Ces explications ne lèvent pas le doute sur les intentions de la Confédération. Est-ce à dire qu’il faut abandonner « ce qui a été jadis le fondement de la politique familiale » ? La réponse est pour le moins peu claire : « Il s’agissait d’ouvrir des pistes, de poser des questions, pistes et questions finalement mal retranscrites pour apparaître contradictoires avec les convictions du mouvement. »

Il existe donc bien semble-t-il une réflexion au plus haut niveau des AFC sur l’opportunité de maintenir le principe d’une politique familiale qui ne soit pas sous condition de ressources. L’alternative serait de se lamenter devant le détricotage de la politique familiale ou de « construire une nouvelle politique familiale lisible et comprise, donc à la fois légitime et difficilement “détricotable” ». On ne se plaindra pas de cet effort de recherche pour enrayer le recul de la politique familiale, mais la vie apparemment choisie est-elle la bonne, au prétexte que les fondamentaux “ne passent plus” ?

Que la Confédération souhaite ouvrir un débat — stratégique — sur l’opportunité d’aligner ou de subordonner ce qui reste de la politique familiale à l’ensemble de la politique sociale peut s’envisager, même si l’on ne partage pas ce point de vue. Que dans le même temps, les critiques de ce changement stratégique soient assimilées à des tentatives de « déstabilisation » est plus surprenant. Un débat sur une question aussi importante ne peut-être que contradictoire. Peut-on à la fois ouvrir le débat (“ouvrir des pistes, poser des questions”) sur le principe central d’une politique familiale et dans le même temps refuser la contradiction ? Nous ne pouvons pas l’imaginer. S’il y a débat, débattons.


Garde d’enfant : les projets du gouvernement

Pour que la République ne soit plus la république des droits virtuels mais des droits réels, Nicolas Sarkozy avait promis dans sa campagne un droit opposable à la garde d’enfants. En visitant la crèche interentreprises de L'Oréal à Clichy (Hauts-de-Seine), Xavier Bertrand, ministre du Travail, et Nadine Morano, secrétaire d'État à la famille, ont annoncé, vendredi 17 avril, que ce droit serait mis en oeuvre en 2012.
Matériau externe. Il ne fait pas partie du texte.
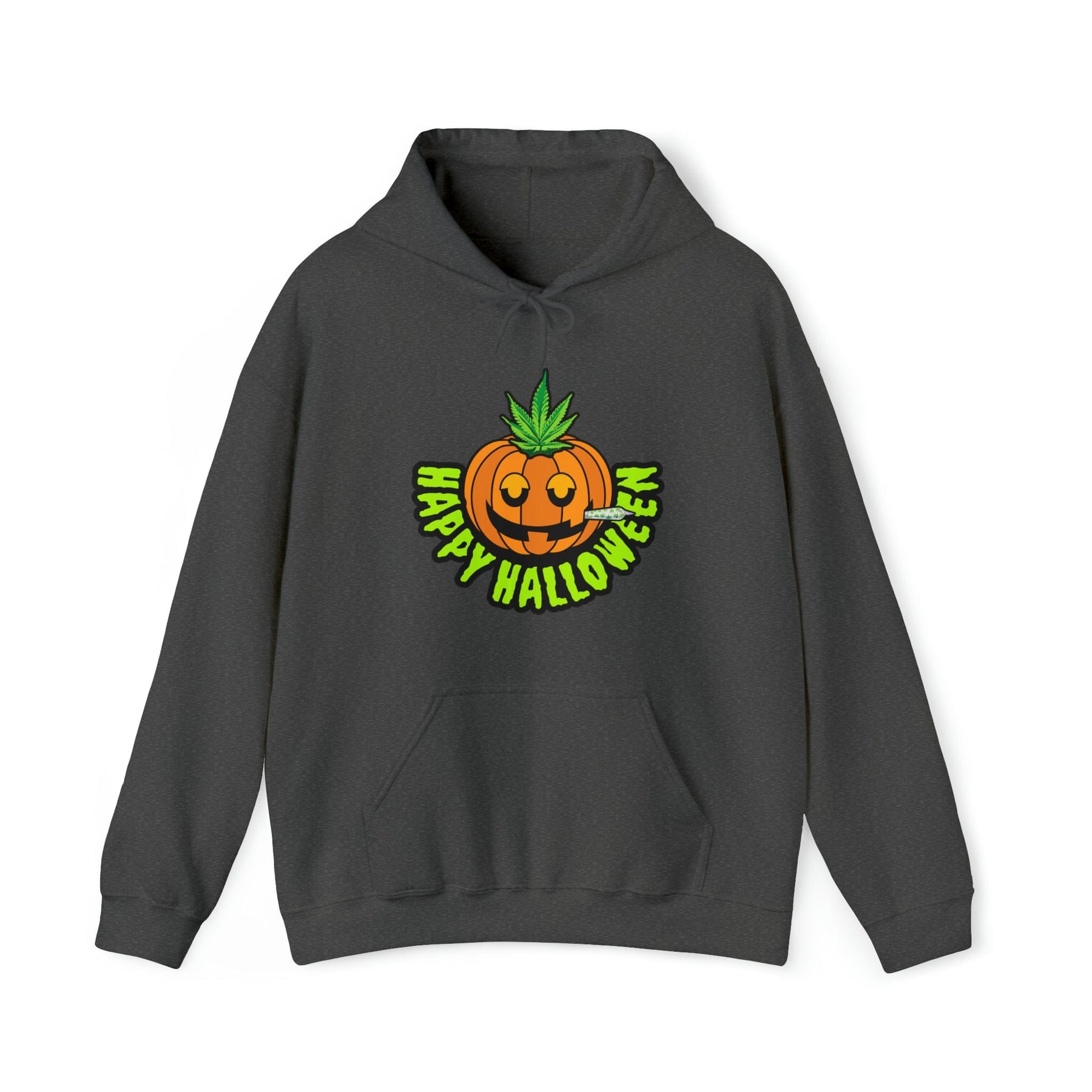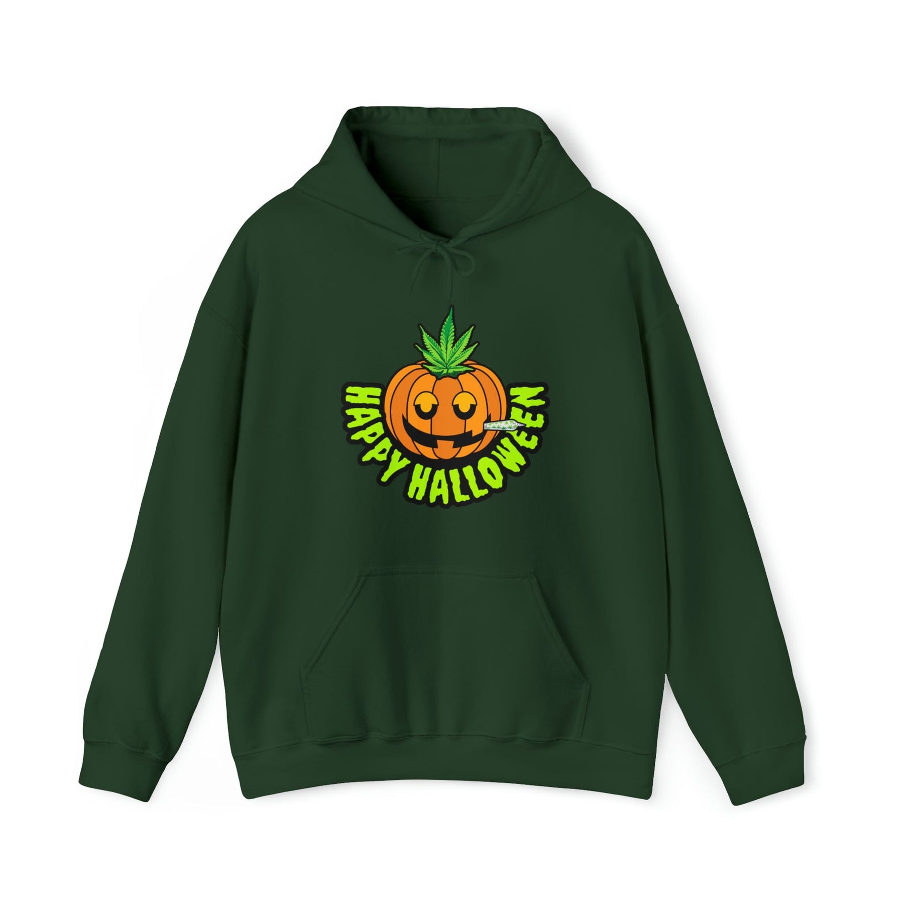 Celebrate the haunted season in style with our Happy Halloween Stoner Pumpkin Cannabis Hoodie.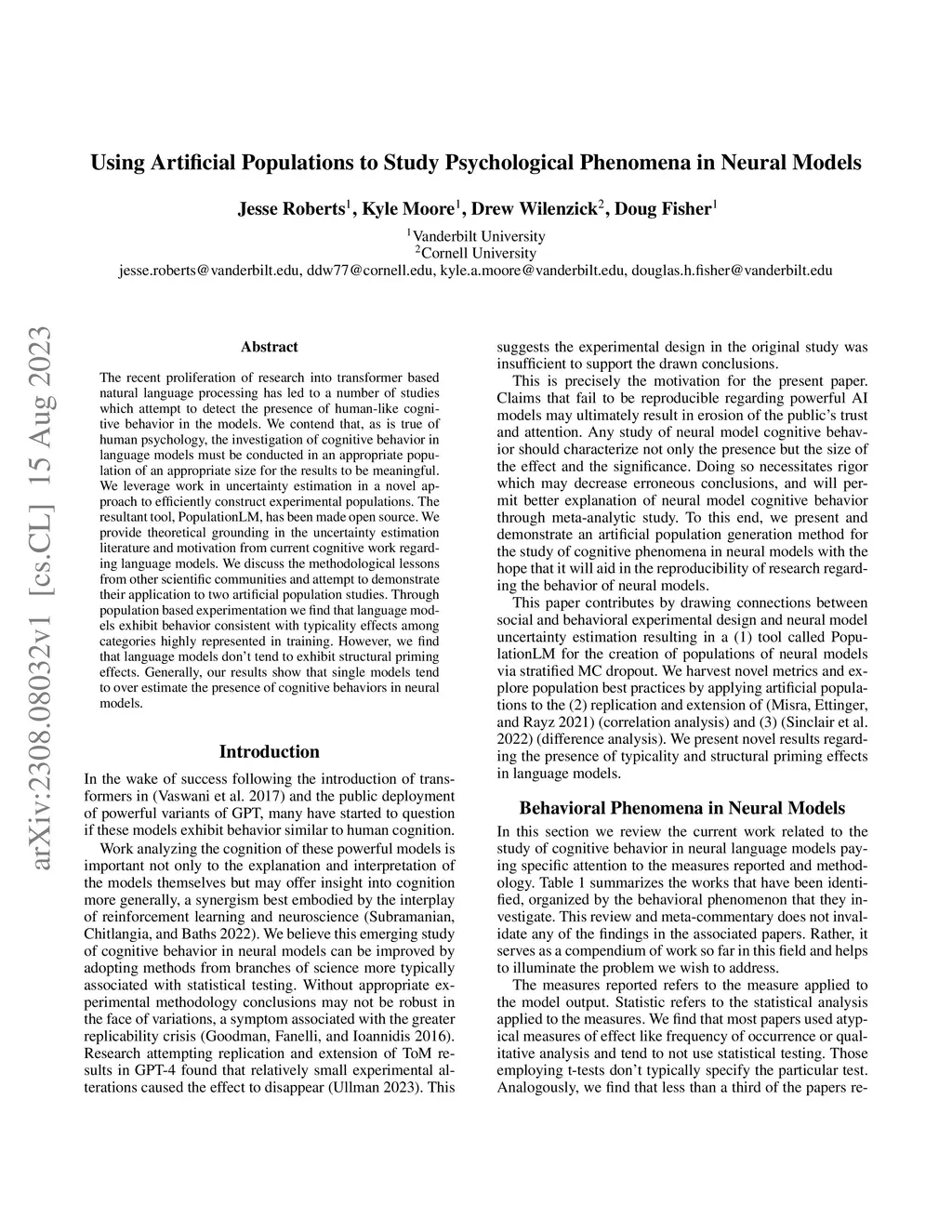 The recent proliferation of research into transformer based natural language processing has led to a number of studies which attempt to detect the presence of human-like cognitive behavior in the models. We contend that, as is true of human psychology, the investigation of cognitive behavior in language models must be conducted in an appropriate population of an appropriate size for the results to be meaningful. We leverage work in uncertainty estimation in a novel approach to efficiently construct experimental populations. The resultant tool, PopulationLM, has been made open source. We provide theoretical grounding in the uncertainty estimation literature and motivation from current cognitive work regarding language models. We discuss the methodological lessons from other scientific communities and attempt to demonstrate their application to two artificial population studies. Through population based experimentation we find that language models exhibit behavior consistent with typicality effects among categories highly represented in training. However, we find that language models don't tend to exhibit structural priming effects. Generally, our results show that single models tend to over estimate the presence of cognitive behaviors in neural models.

En France, 60 % des enfants de moins de six ans ont des parents qui travaillent tous les deux. Or si nous ne manquons pas de structure de maternelle pour les enfants à partir de trois ans, en revanche pour les 2,4 millions de moins de trois ans, il n’existe que 700 000 places chez une assistante maternelle et 320 000 dans les services collectifs. La grande majorité des enfants est donc gardée à domicile par leur mère. Pour que « la garde des enfants ne soit plus un problème pour les mères ou les pères qui veulent travailler », il faut donc investir massivement dans des dispositifs de garde avant trois ans.
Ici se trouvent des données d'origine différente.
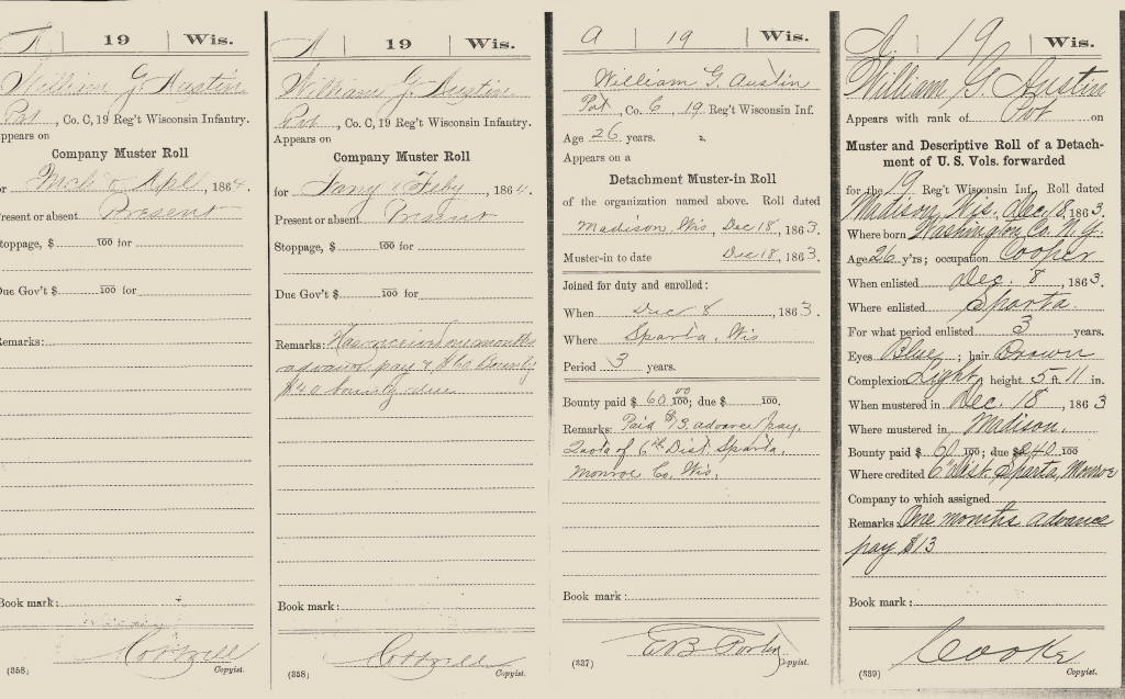 1863 December - from Sparta, enlisted in Wisconsin Infantry, Co. C, 19th Regt.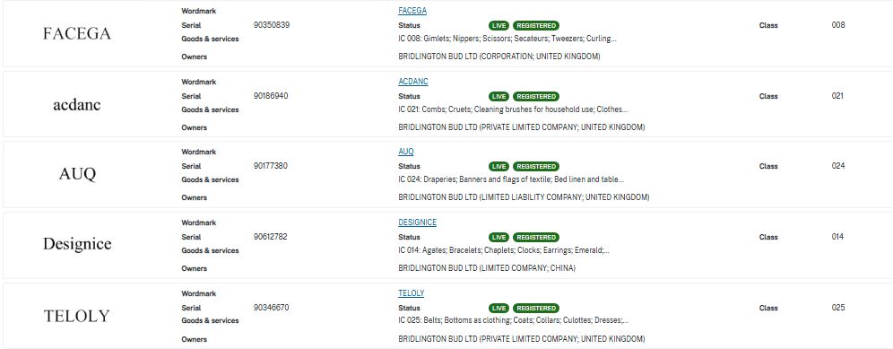 Bridlington Bud LTD 是一家英国综合型企业,业务涵盖商标授权、零售及知识产权维权领域。Designice是Bridlington Bud LTD旗下一个专注于销售一系列珠宝、宝石及相关珠宝配件的珠宝品牌。除此之外,Bridlington Bud LTD还拥有Facega、acdanc、AUQ、Teloly等多个品牌,分别覆盖工具、家具用品、家居装饰、服饰等多个领域。本次维权商标:

La voie choisie par le gouvernement n’est pas la crèche. Une place de crèche coûte en effet 11 000 € en construction et de 13 000 à 15 000 euros en fonctionnement. « Pour moi, le droit opposable, ce n'est pas simplement la crèche publique : cela peut être la crèche associative, la crèche d'entreprise, l'emploi à la personne, l'emploi à domicile », affirmait M. Sarkozy pendant la campagne, comme le rapporte le journal Le Monde du 19 avril.
Le gouvernement devra en outre préciser ce qu'il compte faire du système controversé du congé parental, créé en 1985 et qui permet à presque 600 000 parents de cesser le travail jusqu'à ce que l'enfant fête son troisième anniversaire. On prête à Xavier Bertrand le projet de mettre en place « un congé plus court, mieux rémunéré et mieux partagé avec le père ».


Euthanasie (I) : mauvais message

À la suite de l’acquittement de Lydie Debaine qui a mis fin à la vie de son enfant gravement handicapé, plusieurs associations soutenant des personnes handicapées et leurs familles ont réagi. De son côté, le parquet a fait appel de l'acquittement prononcé le 9 avril 2008 par la cour d'Assises du Val d'Oise. Lydie Debaine, 62 ans, était accusée d'avoir donné la mort avec préméditation à sa fille gravement handicapée, qui n'avait plus la capacité de s'exprimer depuis longtemps.

Le procureur général de la cour d'appel de Versailles a annoncé jeudi 17 avril à l'AFP qu'il interjetait appel de la décision d'acquittement. « Sans méconnaître la situation dramatique de Mme Debaine, son profond désarroi et sa grande souffrance, il m'est apparu que le ministère public, avait le devoir, dans le souci de l'intérêt général, de requérir l'application de la loi et la condamnation de l'accusée », a expliqué Jean-Amédée Lathoud dans un communiqué. « Ce verdict d'acquittement pourrait en effet, être compris comme un encouragement à l'atteinte volontaire à la vie des handicapés, qui méritent notre protection et notre soutien », a-t-il encore déclaré. "Il m'apparaît que l'acte de Mme Debaine, s'il justifie une réelle compassion, ne peut être accepté en l'état du droit français, de nos valeurs éthiques et des principes qui fondent la vie en société", a-t-il dit.

Le Collectif contre l’handiphobie, qui s’était indigné de cet acquittement, appelle au sursaut moral de tous. La société a-telle fait tout ce qu’elle devait ?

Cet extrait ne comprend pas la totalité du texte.